Geocomputation with R is for people who want to analyze, visualize and model geographic data with open source software. It is based on R, a statistical programming language that has powerful data processing, visualization, and geospatial capabilities. The book equips you with the knowledge and skills to tackle a wide range of issues manifested in geographic data, including those with scientific, societal, and environmental implications. This book will interest people from many backgrounds, especially Geographic Information Systems (GIS) users interested in applying their domain-specific knowledge in a powerful open source language for data science, and R users interested in extending their skills to handle spatial data.
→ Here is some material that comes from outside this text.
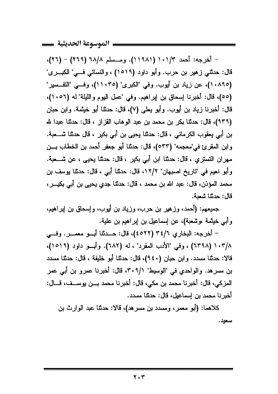 جميعهم: (أحمد، وزهير بن حرب، وزياد بن أيوب، وإسحاق بن إبراهيم، وأبي خيثمة، وشعبة)، عن إسماعيل بن إبراهيم بن علية.

The book is divided into three parts: (I) Foundations, aimed at getting you up-to-speed with geographic data in R, (II) extensions, which covers advanced techniques, and (III) applications to real-world problems. The chapters cover progressively more advanced topics, with early chapters providing strong foundations on which the later chapters build. Part I describes the nature of spatial datasets in R and methods for manipulating them. It also covers geographic data import/export and transforming coordinate reference systems. Part II represents methods that build on these foundations. It covers advanced map making (including web mapping), "bridges" to GIS, sharing reproducible code, and how to do cross-validation in the presence of spatial autocorrelation. Part III applies the knowledge gained to tackle real-world problems, including representing and modeling transport systems, finding optimal locations for stores or services, and ecological modeling. Exercises at the end of each chapter give you the skills needed to tackle a range of geospatial problems. Solutions for each chapter and supplementary materials providing extended examples are available at https: //geocompr.github.io/geocompkg/articles/.
Dr. Robin Lovelace is a University Academic Fellow at the University of Leeds, where he has taught R for geographic research over many years, with a focus on transport systems. Dr. Jakub Nowosad is an Assistant Professor in the Department of Geoinformation at the Adam Mickiewicz University in Poznan, where his focus is on the analysis of large datasets to understand environmental processes. Dr. Jannes Muenchow is a Postdoctoral Researcher in the GIScience Department at the University of Jena, where he develops and teaches a range of geographic methods, with a focus on ecological modeling, statistical geocomputing, and predictive mapping. All three are active developers and work on a number of R packages, including stplanr, sabre, and RQGIS.
Right now this is probably the frontier when it comes to automated spatial tasks and visualisation in R. The reason I make this claim is, inter alia, because it is fully relying on Haldey Wickham's tidyverse principles, and it is using the new sf-class of spatial objects in R (mostly developed by Edzer Pebesma) instead of the older and much clumsier sp class. Make sure to check out the free online version of the book (plus exercises and additional material): https://geocompr.github.io/.
Geocomputation with R is an invaluable resource for anyone who wants to learn spatial analysis techniques with R. The book is written in a very approachable manner that is sure to satisfy R beginners, but provides best practices, examples, online resources, and further applications/extensions which allow more advanced users to delve deeper. From working with spatial datasets, to formatting maps, to creating interactive/animated visuals, Geocomputation with R provides a solid foundation on which to build up spatial analysis and presentation skills. As a fairly new R user who previously only used GIS for spatial analysis, I can credit this book with making the switch to a (nearly) fully R workflow much simpler than it could have been. Highly recommended!
Bit too much word salad and there are definitely sections of the book that could be skipped (by the authors own admission, but he calls these people that do this 'impatient'). Anyway, overall it covers what it needs to, and was sufficient for my uses.